While MAF files contain many fields ranging from chromosome names to cosmic annotations, the mandatory fields used by maftools are the following:

Field	Description	Allowed values
Hugo_Symbol	HUGO gene symbol	-
Chromosome	Chromosome no.	1-22, X, Y
Start_Position	Event start position	Numeric
End_Position	Event end position	Numeric
Reference_Allele	Positive strand reference allele	A, T, C, G
Tumor_Seq_Allele2	Primary data genotype	A, T, C, G
Variant_Classification	Translational effect of variant allele	Frame_Shift_Del, Frame_Shift_Ins, In_Frame_Del, In_Frame_Ins, Missense_Mutation, Nonsense_Mutation, Silent, Splice_Site, Translation_Start_Site, Nonstop_Mutation, 3'UTR, 3'Flank, 5'UTR, 5'Flank, IGR, Intron, RNA, Targeted_Region, De_novo_Start_InFrame, De_novo_Start_OutOfFrame, Splice_Region, Unknown
Variant_Type	Variant Type	SNP, DNP, INS, DEL, TNP and ONP
Tumor_Sample_Barcode	Sample ID	Either a TCGA barcode, or for non-TCGA data, a literal SAMPLE_ID as listed in the clinical data file

Scripts summary

Script	Description
multi_vcf2maf.pl	Converts multiple VCF (Variant Call Format) file to MAF file
icgcMutationToMAF.R	Converts ICGC Simple Somatic Mutation Format file to MAF file
exons_maf.pl	Extracts variants detected within exonic regions
var_class_maf.pl	Extracts variants of specific classification/consequence
MAFsamplesRename.R	Changes sample names in MAF's Tumor_Sample_Barcode field
subsetMAF.R	Subsets MAF based on defined list of samples and/or genes
mergeMAFs.R	Merges multiple MAFs
summariseMAFs.R	Summarises and visualises MAF file(s)
summariseMAFsGenes.R	Summarises and visualises MAF file(s) for selected genes

Converting VCF files to MAF files

To convert multiple VCF files into one collective MAF file use multi_vcf2maf.pl script. It requires a file with listed VCF files to be converted into corresponding MAF files (see an example here). The individual MAF files are then merged into one collective MAF file, which is saved in the same directory as the files listing VCF files.

Note

The following are required

vcf2maf tool available on GitHub (see Installation section).
Reference FASTA file (e.g. GRCh37 available on ncbi.nih.gov FTP site)

Script: multi_vcf2maf.pl

Argument	Description	Required
--vcf_list	Full path with name of a file listing VCF files to be converted	Yes
--exons	Include exonic regions only: TRUE/T or FALSE/F (defualt)	No
--v2m	Full path to vcf2maf.pl script	Yes
--ref	Reference FASTA file (e.g. GRCh37)	Yes
--maf_file	Name of the merged MAF file to be created	Yes

NOTE: The definition of exonic regions is based on the MAF's Variant_Classification field and is described in Extracting variants within exonic regions section. If one requires to subset generated MAF file based on different Variant_Classification categories, then one can run the var_class_maf.pl script, which allows define Variant_Classification categories of interest using --var_class parameter.

Command line use example:

perl scripts/multi_vcf2maf.pl  --vcf_list examples/example_vcf_list.txt  --exons FALSE  --v2m /path/to/vcf2maf.pl  --ref /path/to/reference/GRCh37-lite.fa  --maf_file example.maf

This will convert the VCF files listed in example_vcf_list.txt into corresponding MAF files, which are then will be merged into one collective MAF file example.maf saved in examples directory.

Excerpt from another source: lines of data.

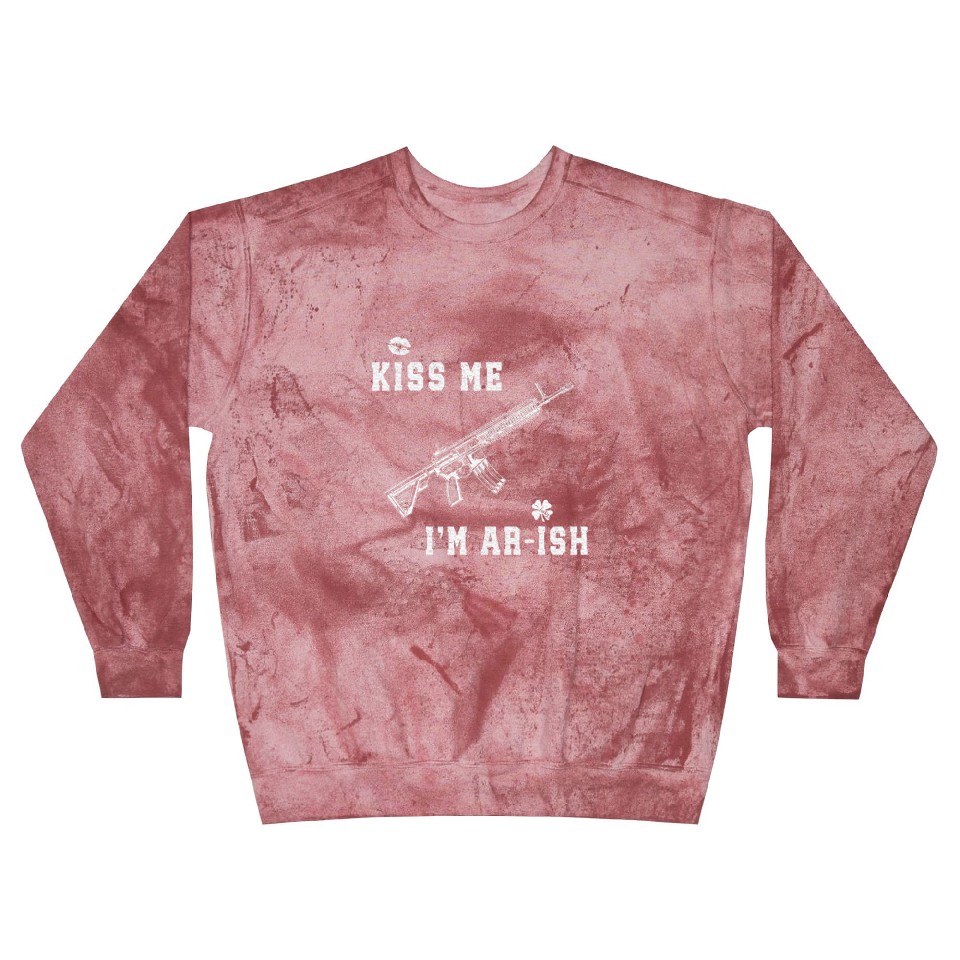 The item hot trend you're looking at is Kiss Me I'm AR ish St Patricks Day Irish Gun Men Blast Sweatshirts For Unisex Clay belong theme Blast Sweatshirts at Printblur
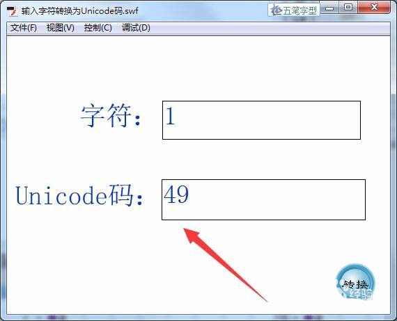 12、運(yùn)行程序,在“字符”輸入框中輸入任一字符,單擊“轉(zhuǎn)換”按鈕,在“Unicode碼”輸出框中,即輸出該字符的Unicode碼。
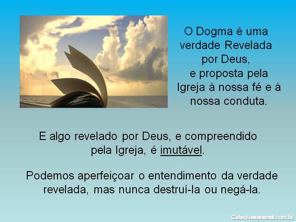 O que é dogma Catecismo da Igreja Católica? Segundo o "Catecismo da Igreja Católica", um dogma é "uma forma que obriga o povo cristão a uma adesão irrevogável de fé". Ou o fiel aceita o que o dogma formula ou ele não é parte do "povo cristão" -termo usado no catecismo como equivalente ao de igreja.
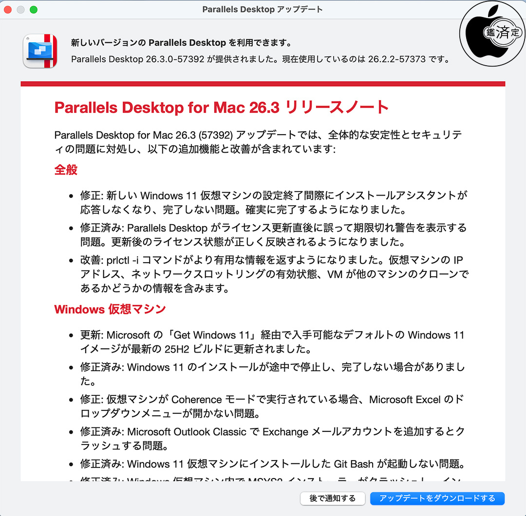 Parallels Desktop for Mac 26.3 (57392)アップデートでは、全体的な安定性とセキュリテイの問題に対処し、以下の追加機能と改善が含まれています。
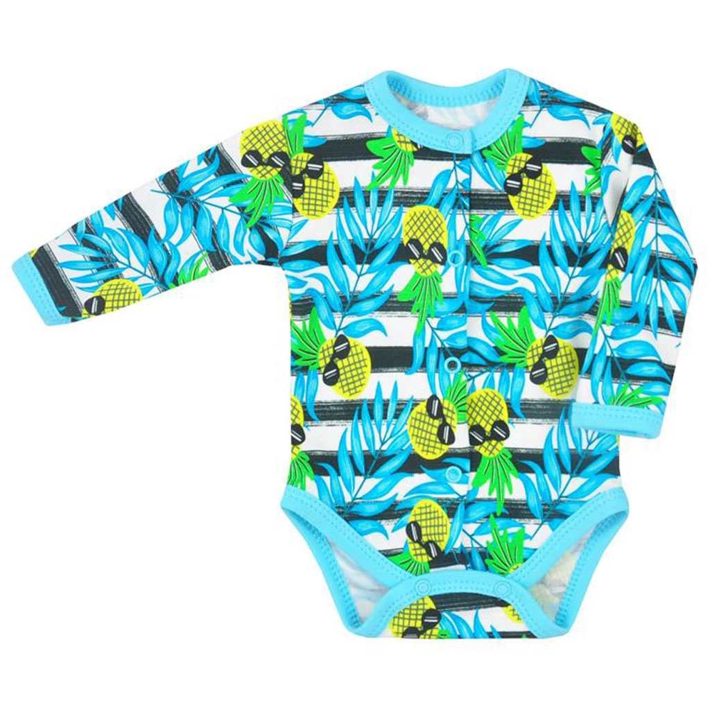 Kojenecké celorozepínací body Koala Tropical. Dětské body je zdobené s osvěžujícím tropical motivem. Zapínání na cvočky po celé délce a mezi nožičkami. Složení: 100% bavlna.
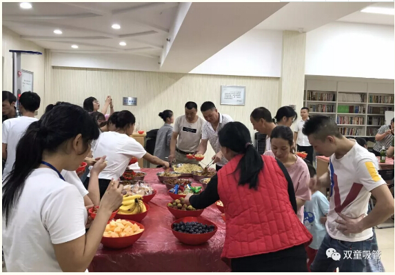 “比比誰更快?”可是團(tuán)隊游戲哦,考驗的是大家的默契程度!瞧,第一位出戰(zhàn)者剛運(yùn)送完乒乓球,第二位就開始吃西瓜、第三位馬上用眼鏡吸管喝飲料啦…… 最快的團(tuán)隊僅僅用了兩分鐘就完成了游戲,大家真是默契十足呀!
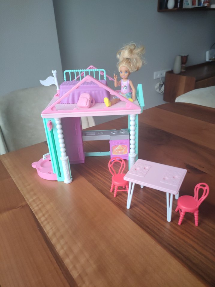 Pembe pastel renkli mini bebek evi, küçük bir bebek, masa ve iki sandalyeyle hayal gücünü destekler.
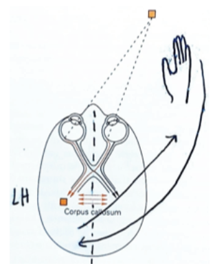 Sin embargo, si sabemos que cada hemisferio cerebral “ve” exclusivamente el lado opuesto o contralateral (debido a la decusacion quiasmática), y que el procesamiento motor-sensitivo se realiza en conjunto debido a las áreas de asociación cortical, entonces es comprensible que ese hemisferio, y no el otro, sea el que ejerza el control motor y sensitivo directo (ahorro energético) de lo que él “ve” (figura 1).
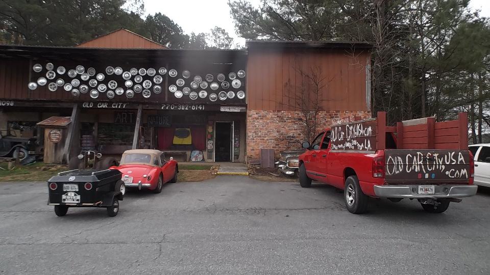 This was a cute way to kill a day. Morning visit to "Old Car City USA" in White, GA. I hope you like hiking, as there are six miles of trails on 35 acres containing over 4000 cars, all are American production, and I believe they are all 1972 or earlier. It used to be a "junk yard" where they sold parts from the cars. Around turn of the century it evolved more into a tourist attraction, a kind of museum where the owner may charge a fee for people who come to take pictures.
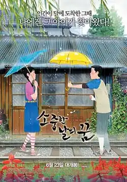 Green Days: Dinosaur and I (Korean: 소중한 날의 꿈; RR: Sojoonghan Nalui Ggoom; lit. "Dream of a Precious Day") is a 2011 South Korean animated film. Without the high-tech computer graphics and three-dimensional techniques that dominate the animation industry, the film was hand-drawn in pencil, with 14 animators using 100,000-plus sheets over a period of 11 years.[1] It premiered at the 15th Busan International Film Festival in 2010 and competed for the top prize at the 2011 Annecy International Animated Film Festival.[2][3]
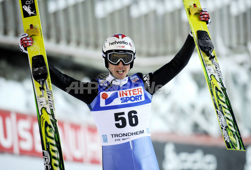 【12月8日 AFP】スキージャンプW杯2008-09第4戦、ラージヒル個人。スイスのシモン・アマン(Simon Ammann)は、1本目に140.0メートル、2本目に135.0メートルを記録し、合計280.2点でシーズン2勝目を挙げた。

NOTE: Sometimes the VCF files miss the chr prefix for chromosome names, while these were present in the reference FASTA file (indicated by --ref parameter). This may trigger error similar to the one below:

[W::fai_get_val] Reference 10:69103935-69103937 not found in file, returning empty sequence
[faidx] Failed to fetch sequence in 10:69103935-69103937
ERROR: Make sure that ref-fasta is the same genome build as your MAF: ../GCF_000001405.38_GRCh38.p12_genomic.fna

To solve that issue one needs to add chr prefix to the VCF file of interest, e.g. no_chr.vcf:

awk '{if($0 !~ /^#/) print "chr"$0; else print $0}' no_chr.vcf > with_chr.vcf

Converting ICGC mutation format to MAF

The publicly available ICGC mutation data is stored in Simple Somatic Mutation Format file, which is similar to MAF format in its structure, but the field names and classification of variants are different. The icgcMutationToMAF.R script implements icgcSimpleMutationToMAF function within maftools R package to convert ICGC Simple Somatic Mutation Format to MAF.

Script: icgcMutationToMAF.R

Argument	Description	Required
--icgc_file	ICGC Simple Somatic Mutation Format file to be converted	Yes
--remove_duplicated_variants	Remove repeated variants in a particuar sample, mapped to multiple transcripts of same gene? (OPTIONAL; defulat is `TRUE`). NOTE, option `TRUE` removes all repeated variants as duplicated entries. `FALSE` results in keeping all of them)	No
--output	Output file name	No

Packages: maftools, optparse

Command line use example:

gunzip examples/simple_somatic_mutation.open.PACA-AU.tsv.gz

Rscript scripts/icgcMutationToMAF.R --icgc_file examples/simple_somatic_mutation.open.PACA-AU.tsv --output simple_somatic_mutation.open.PACA-AU.maf

This will convert the /data/simple_somatic_mutation.open.PACA-AU.tsv Simple Somatic Mutation Format file into MAF as output it as /data/simple_somatic_mutation.open.PACA-AU.maf.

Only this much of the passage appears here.